* DATA FOR ANALYSIS:
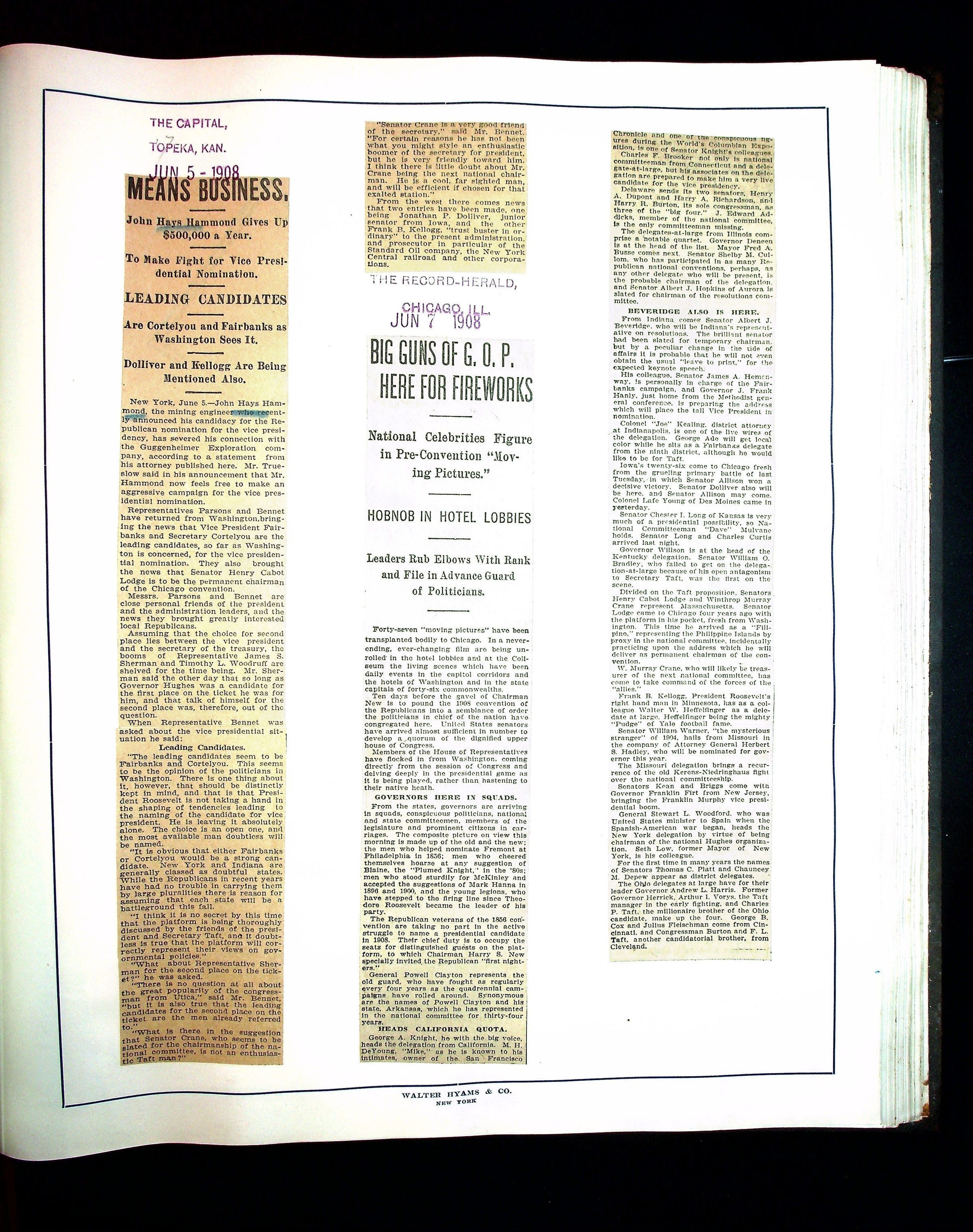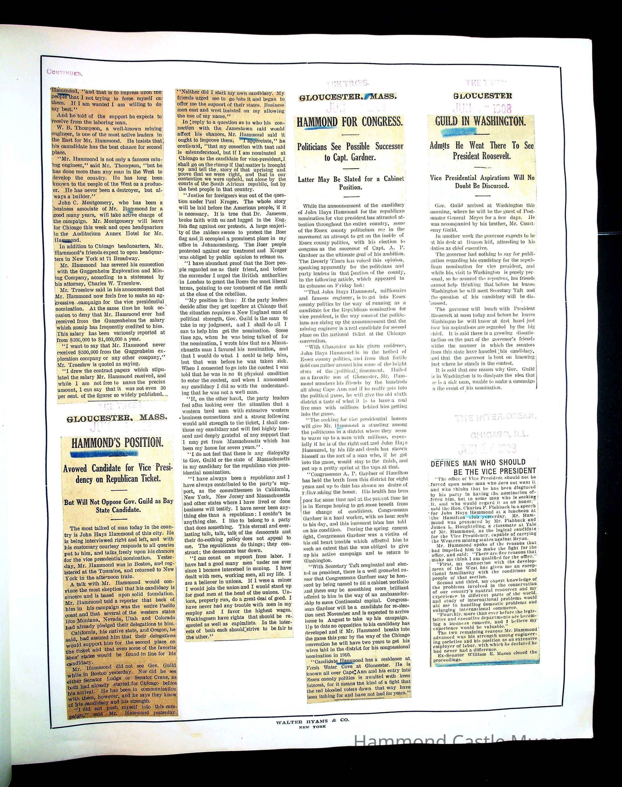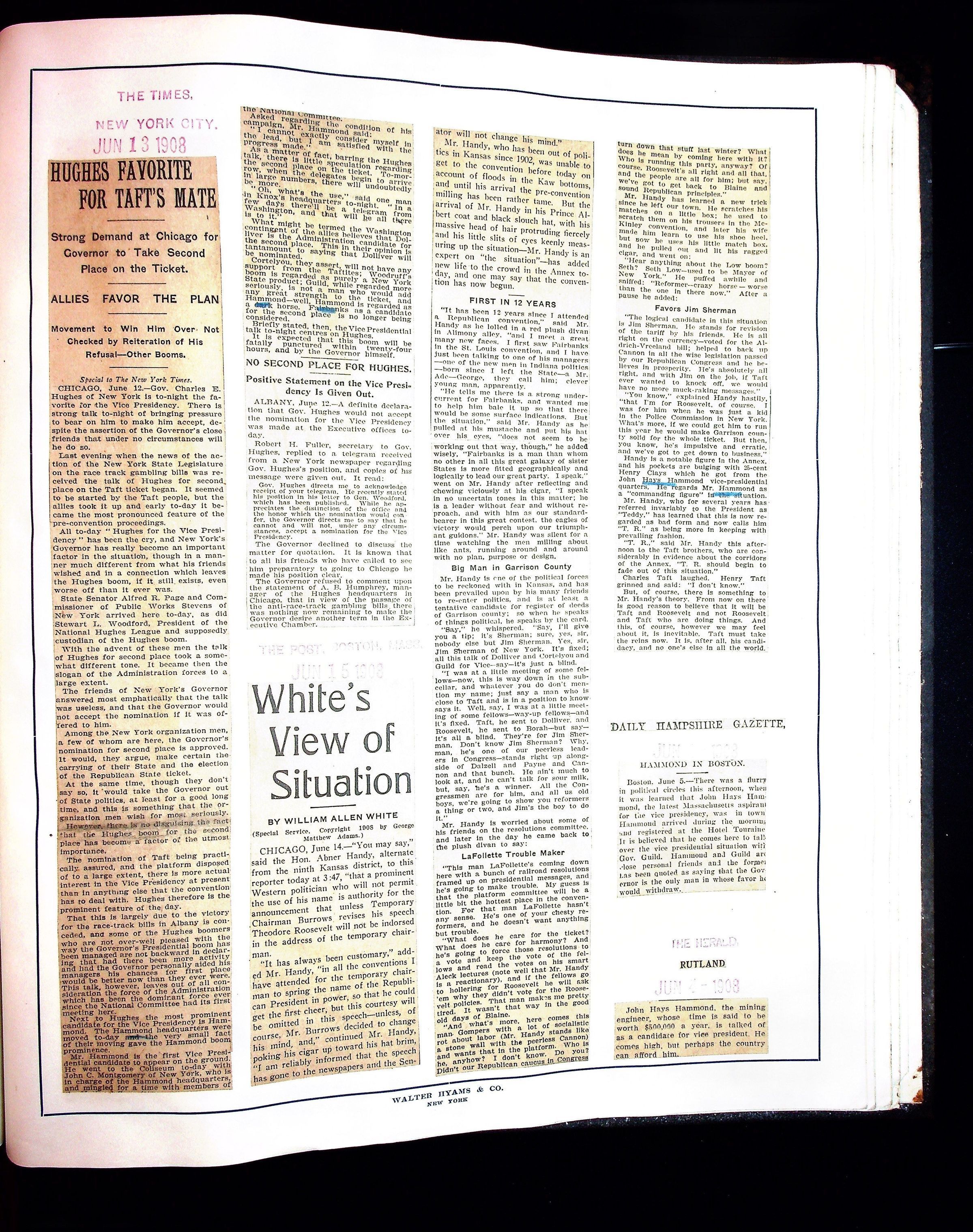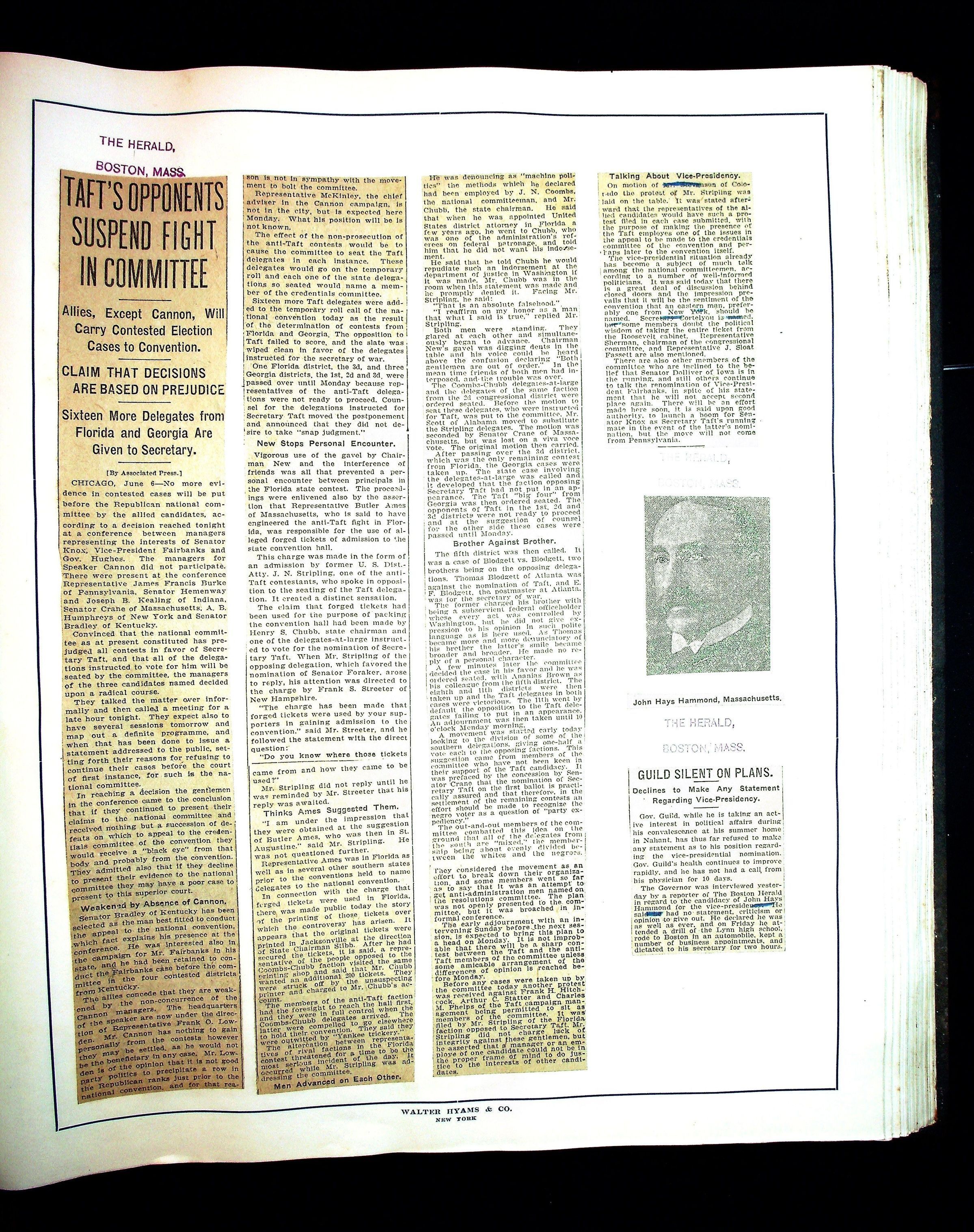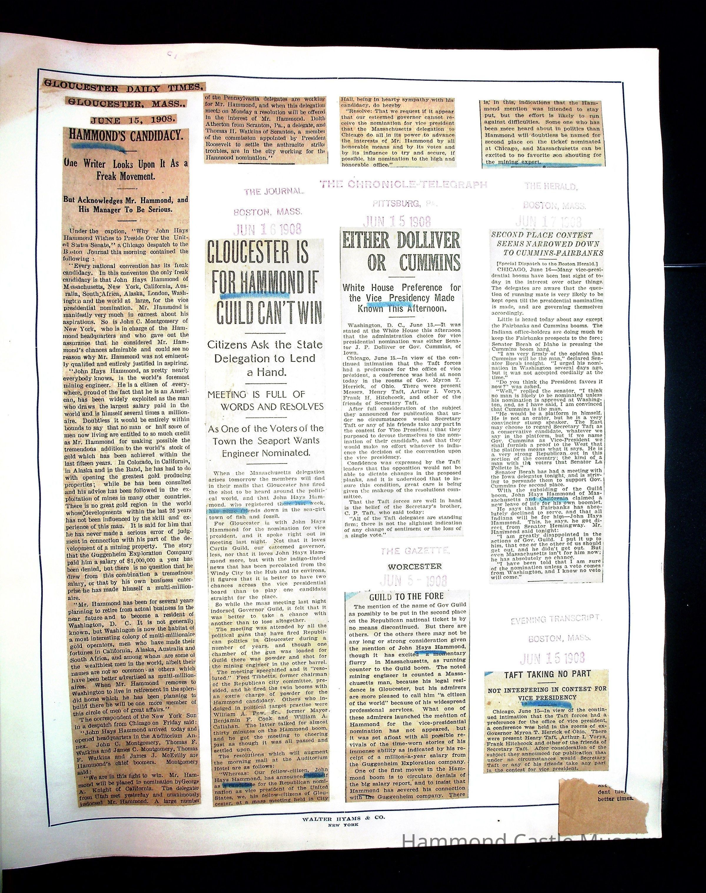Articles & Images from Taft campaign & John Hays Hammond Sr vice-presidency run
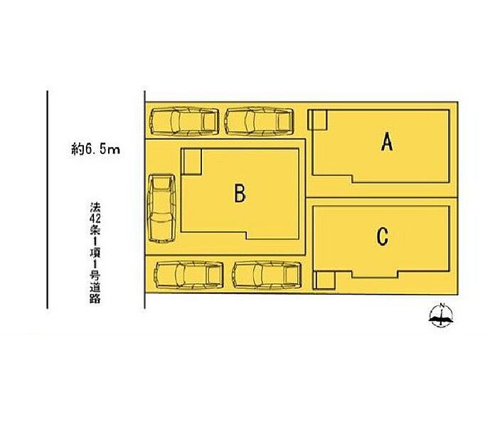 | 駐車場 | 2台 | 道路の幅員 | B号棟:西6.5m /C号棟:西6.5m /A号棟:西6.5m |
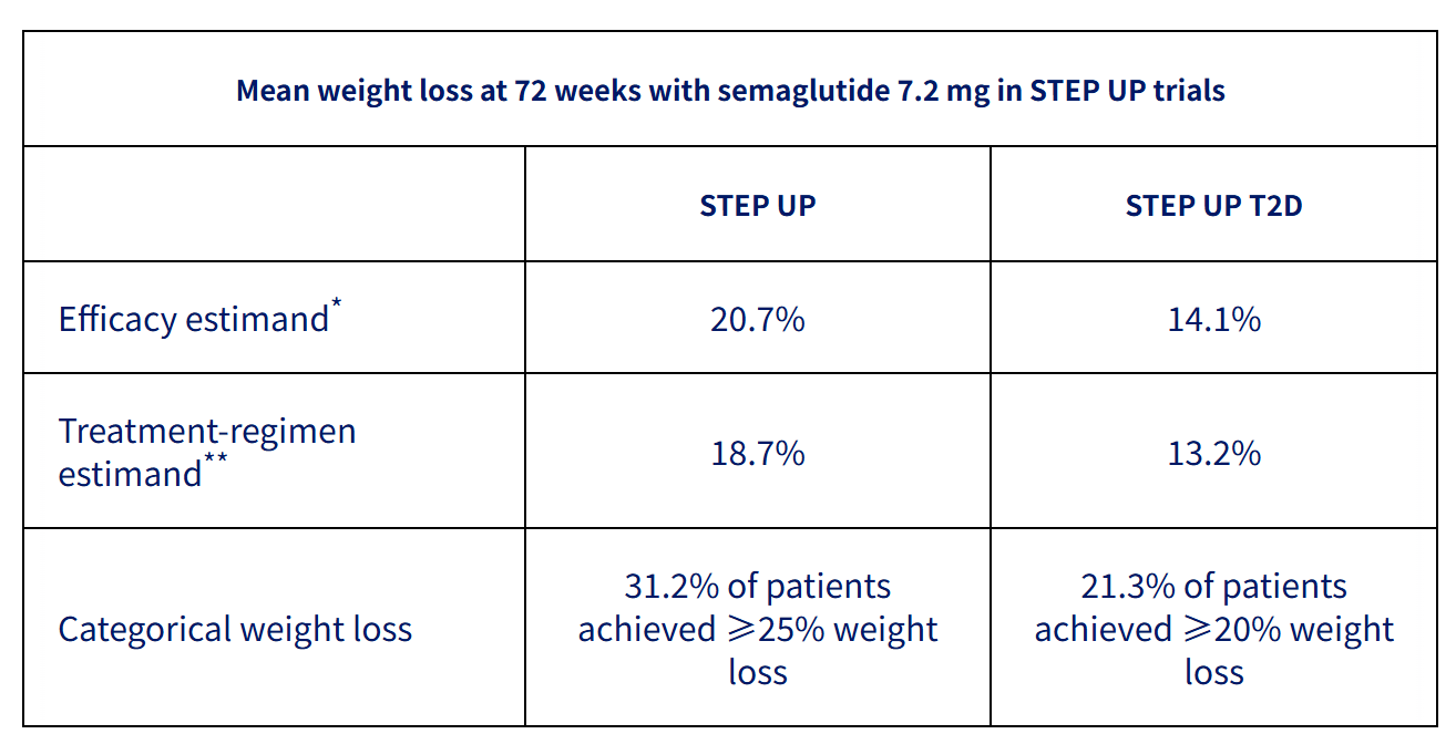 The STEP UP and STEP UP T2D phase 3 trials investigated the efficacy and safety of injectable semaglutide 7.2 mg in people with obesity with or without type 2 diabetes.
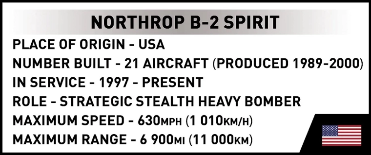 Model ponuja odpirajoč se kokpit, premična kolesa z gumiranimi pnevmatikami in odpirajoč se bombni prostor za 8 bomb tipa Mark 82. V paketu je črno stojalo z dvema prosojnima oporama in elegantna napisna ploščica z imenom, merilom in zastavo ZDA. Kakovostni tiski in nalepke poudarijo realističen videz.
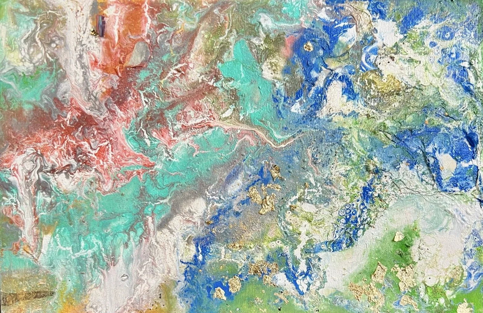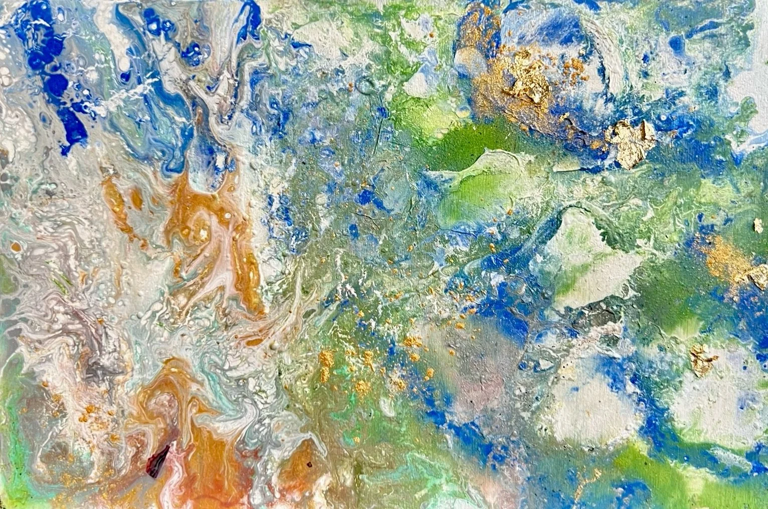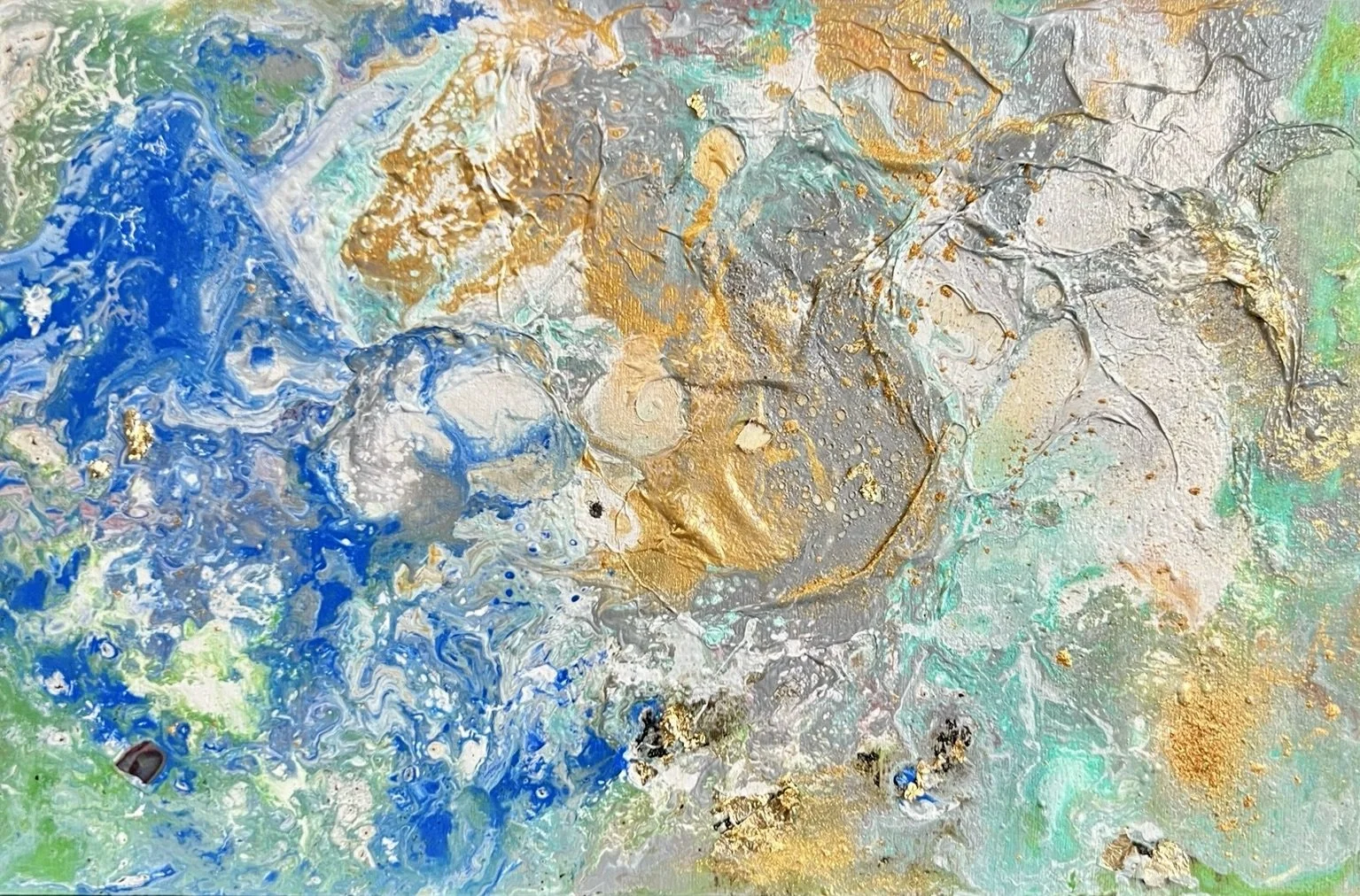Las veladuras verdes, turquesas y los destellos dorados evocan corrientes suaves que no arrastran, sino que envuelven. Cada relieve funciona como una traza vegetal, como una raíz marina que se estira, se enreda y vuelve a nacer. Es un paisaje íntimo, casi oculto, donde la luz queda atrapada y se libera en fragmentos móviles.
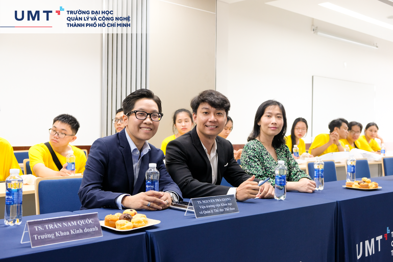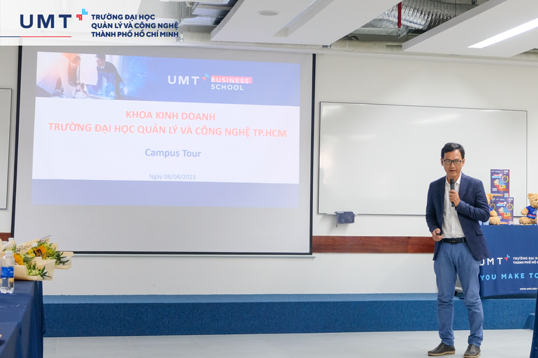 Đón tiếp giáo viên và học sinh tham dự Campus Tour có đại diện Ban Giám hiệu, các Trưởng Khoa/Viện/Bộ môn Trường Đại học UMT: NGND. PGS. TS. Hồ Thanh Phong - Phó Hiệu trưởng, TS. Trần Nam Quốc - Trưởng Khoa Kinh Doanh, TS. Nguyễn Trà Giang - Viện trưởng Viện Khoa học và Quản lý thể dục thể thao, TS. Trịnh Quang Vinh - Trưởng Bộ môn Giáo dục Khai phóng, ThS. Lâm Thùy Trang - Phó trưởng Bộ môn Tiếng Anh.
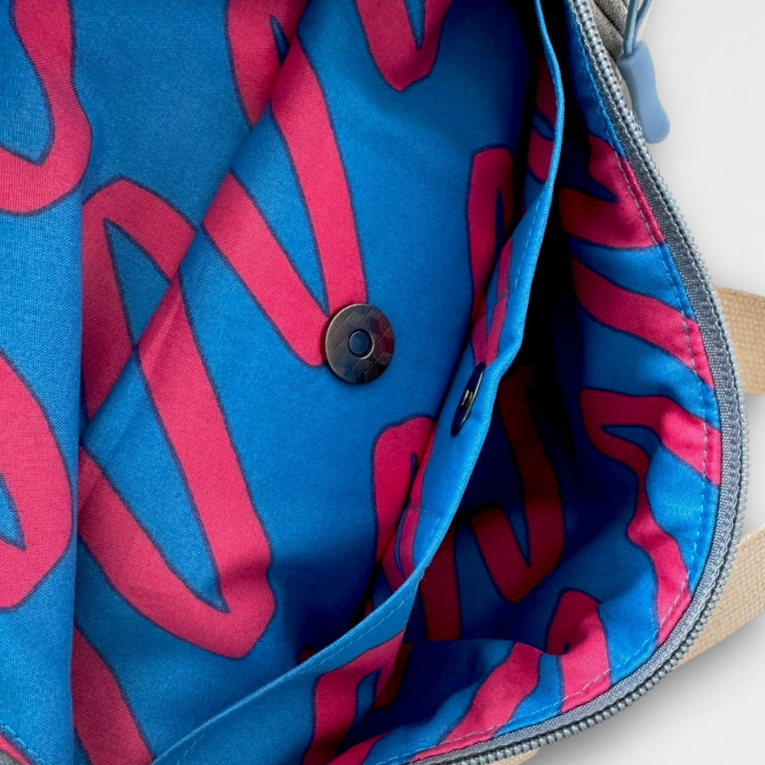 - Zapięcie klapka - suwak, kieszonka - magnes, bawełniany pasek - plastikowa klamra

* REQUIRED WORK:
Put down exactly the lines of the data above that run from its first line through the line bearing "Las veladuras verdes, turquesas", and no pictures.

* RESULT OF THE TASK:
Articles & Images from Taft campaign & John Hays Hammond Sr vice-presidency run
 | 駐車場 | 2台 | 道路の幅員 | B号棟:西6.5m /C号棟:西6.5m /A号棟:西6.5m |
 The STEP UP and STEP UP T2D phase 3 trials investigated the efficacy and safety of injectable semaglutide 7.2 mg in people with obesity with or without type 2 diabetes.
 Model ponuja odpirajoč se kokpit, premična kolesa z gumiranimi pnevmatikami in odpirajoč se bombni prostor za 8 bomb tipa Mark 82. V paketu je črno stojalo z dvema prosojnima oporama in elegantna napisna ploščica z imenom, merilom in zastavo ZDA. Kakovostni tiski in nalepke poudarijo realističen videz.
Las veladuras verdes, turquesas y los destellos dorados evocan corrientes suaves que no arrastran, sino que envuelven. Cada relieve funciona como una traza vegetal, como una raíz marina que se estira, se enreda y vuelve a nacer. Es un paisaje íntimo, casi oculto, donde la luz queda atrapada y se libera en fragmentos móviles.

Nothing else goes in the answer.